Silicon microfabricated accelerometers are being intensively developed because of the possibility of low cost batch fabrication. Such accelerometers include a seismic or proof mass which is anchored to a silicon substrate by a micromechanical suspension system. In one commercially available chip (ADXL50), the position of the proof mass is detected by a differential capacitance measurement. Using a force-balance configuration, the proof mass deflects in response to acceleration to which the chip is subjected, a sense signal arising from the differential capacitance measurement is amplified and fed back to electrostatically deflect the proof mass and counteract the effect of the acceleration. The output from the accelerometer is the required feedback voltage to counteract the effect of the acceleration.
Tunnel based accelerometers have also been proposed, in which the sense signal is derived from a tunnel current between a sensing tip and a counter electrode. Such a tunnel based sensor has been proposed in a paper entitled "A miniature high sensitivity broad-band accelerometer based on electron tunnelling transducers", authored by Howard K. Rockstad et al and published at the 7th International Conference on Solid State Sensors and Actuators, pages 836 to 839. Such tunnel based accelerometers have a greater sensitivity than capacitive accelerometers, but they require more than one silicon wafer for their manufacture. In the arrangement described in the preceding article by Rockstad et al, three wafers are required to make the accelerometer.
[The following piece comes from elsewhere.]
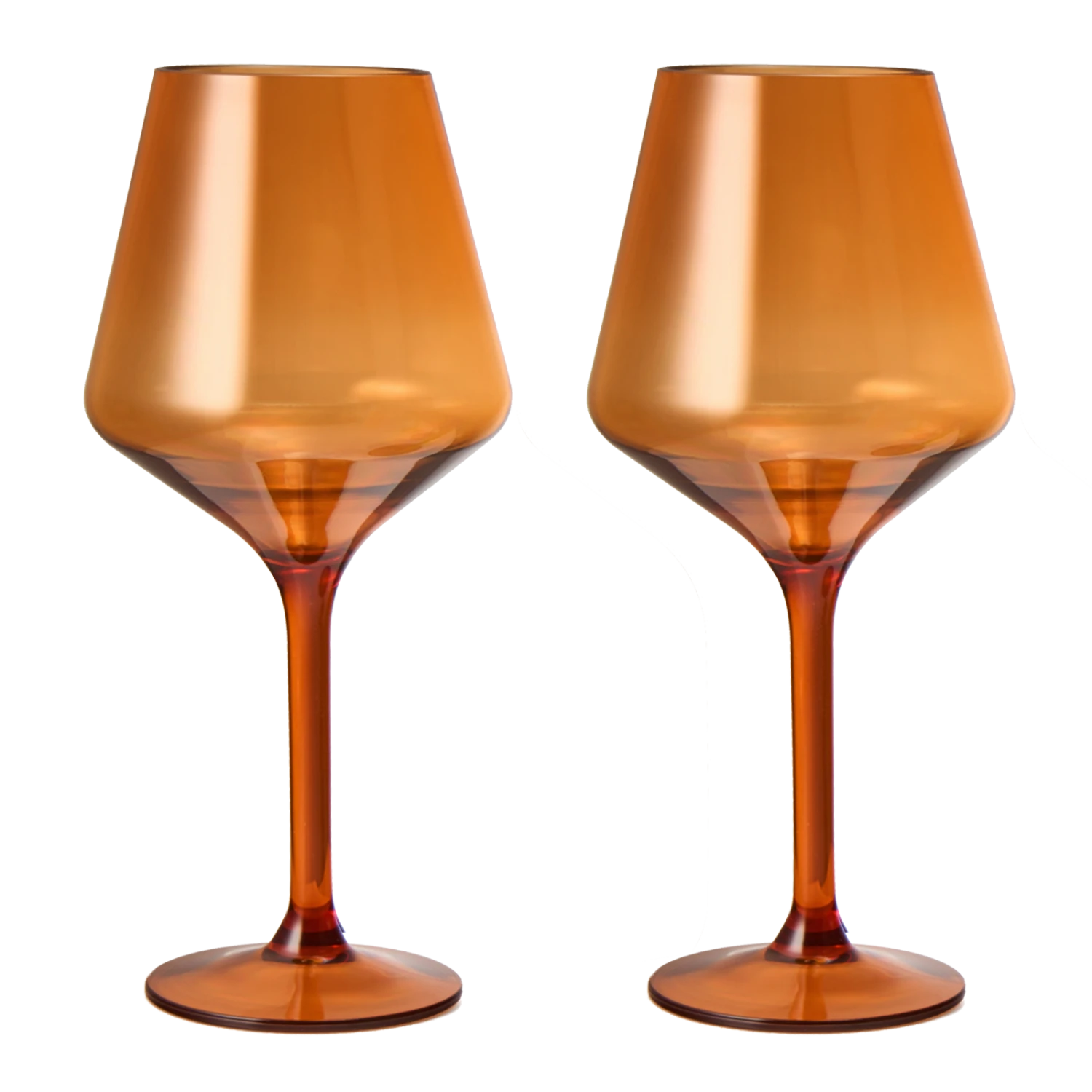 - If you are looking for a stylish and practical way to enjoy your favorite wine outdoors, then the acrylic floating wine glass set with a burnt orange color is an excellent choice. This set includes two 15-ounce wine glasses that can float in water, making them ideal for poolside cocktails, beach days, or boating adventures. They are perfect for the upcoming warm seasons, and they will add a touch of elegance to any outdoor occasion.

Each wafer includes components of the accelerometer which must be carefully aligned when the wafers are secured together. Manufacturing costs of such accelerometers are high because of the need to produce components within three wafers and then to carefully align the wafers during construction of the accelerometer.
It is an object of the present invention to provide an accelerometer which combines high sensitivity and low cost manufacture.